Supporting a reduction in high tariffs on cars imported from the United Kingdom (UK) and European Union, Maruti Suzuki Chairman R C Bhargava is of the view that the Indian auto industry is as competitive as those there and there is no reason why high tariffs are required to protect the domestic industry.
Responding to the demand made by the UK government for a reduction of import duty on cars in its negotiations on the India-UK free-trade agreement (FTA), which has become prolonged due to opposition from some carmakers, Bhargava said: “My views may not be shared by the industry, but we are as competitive as the UK and EU in cars, and in many models our costs are 20-30 per cent lower in India in my estimate. So there is no reason why import tariffs on cars cannot be reduced as sought by the UK government under the India-FTA negotiations. I think 30 per cent duty is fine.”
Also, Bhargava does not think there is any reason to have a quota on the number of cars that can be exported by the UK at a lower tax rate.
Society of Indian Automobile Manufacturers had reportedly floated a suggestion last year for eliminating import tax on a limited number of cars from the UK in a phased number.
The plan was to reduce duty to 70 per cent from 100 per cent and then to 10 per cent in the fifth year for a maximum of 46,200 vehicles. It had agreed to go down to a zero per cent tax regime but with a cap on the number of vehicles.
In the last Union Budget, the duty on CBU (completely built units) cars with a CIF (cost insurance and freight) value under $40,000 was increased from 60 per cent to 70 per cent, and those above that was at 100 per cent.
In the case of electric vehicles, in CBU form with a CIF value of more than $40,000 duty was increased, again from 60 per cent to 70 per cent.
Bhargava pointed out the fact that companies like Maruti Suzuki were exporting 700,000 cars a year was a testament to the fact that India was globally competitive.
He said Suzuki in Japan, for instance, exports small cars through Maruti Suzuki, to Africa and West Asia because it was cost-competitive to do so.

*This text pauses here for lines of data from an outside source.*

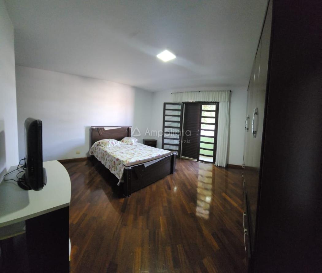 INTEGRANDO O CORPO PRINCIPAL DA CASA, COZINHA GRANDE COM SALA DE JANTAR PARA MESA DE 12 LUGARES, HALL DE ENTRADA, LAVABO, SALA DE ESTAR. SUBINDO AS ESCADAS DOIS DORMÍTÓRIOS E BANHEIRO SOCIAL, SUITE COM SACADA E ESTAR ÍNTIMO/SALA DE TV. COM SACADA.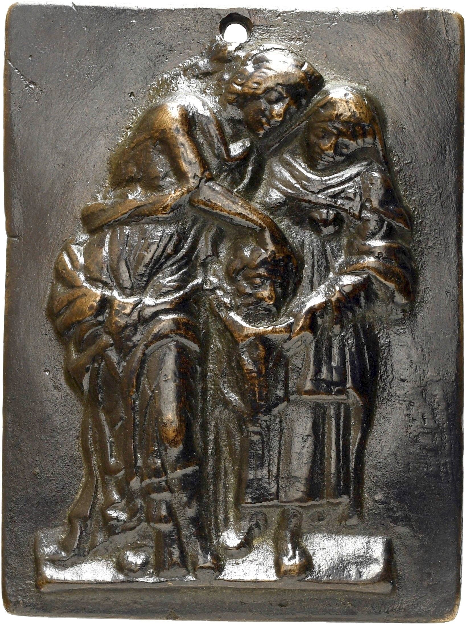 Placchetta in bronzo rettangolare, patina marrone scuro; mm 97,3 x 71,6; gr 237,6. Giuditta in piedi e con la testa inclinata, nell'atto di infilare la testa di Oloferne dentro ad un sacco sorretto da una donna. Le due figure poggiano i piedi su di una piattaforma. Fondo liscio. Foro in alto. Splendida fusione antica. R\ vecchio adesivo di antica raccolta. Bibl. Rossi F. coll Scaglia, 2011 VII.10 var. C; Toderi –Vannel, 1996 n.198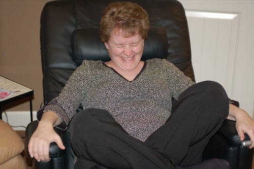 In non-bodily news, I had a lovely birthday filled with wonderful gifts. Thank you to everyone for your well-wishes. And as a special treat I got to visit with Lisa O who is visiting her friend Heather. Lisa enjoys reading our blog from her home in California. She gave us this wonderful present of these two "family-friendly" onesies and another shirt. Aren't these fabulous! I just love how the blog creates connections with people all of the world.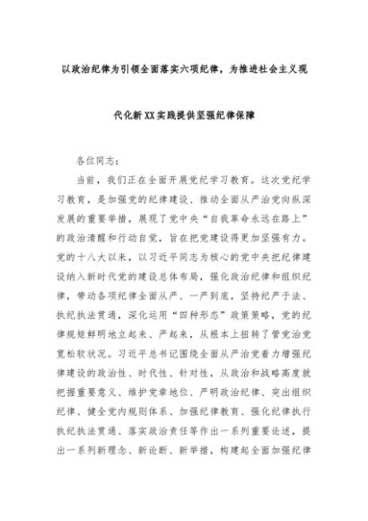 【七哥公文】2024年:以政治纪律为引领全面落实六项纪律,为推进社会主义现代化新XX实践提供坚强纪律保障+更多免费公文+VX:QiGeGongWen2024

Toyota is making small cars in India through Maruti even though Daihatsu in Japan can also produce them. This is because in India it is cheaper to produce. Similarly, the production of the five-door Jimny of Suzuki has shifted to India and it has become a base for export of the model across the world.
The chairman of Maruti Suzuki conceded the point that there was a time when India was not competitive because production volumes were low. But now India has become the third-largest automobile market in the world and companies have got scale with reduced production costs, despite still having some disabilities.
Not only that, it has the support of a vibrant auto-component industry which is exporting all across the world and is cost-competitive again.
On the entry of Tesla and reports of it asking for a substantial duty reduction on CBU cars, Bhargava said: “Tesla is bargaining for the best deal. It sees India as a large market in the future. But whether it has special requirements I am not so sure. But I believe concession has to be given to everyone in the industry.”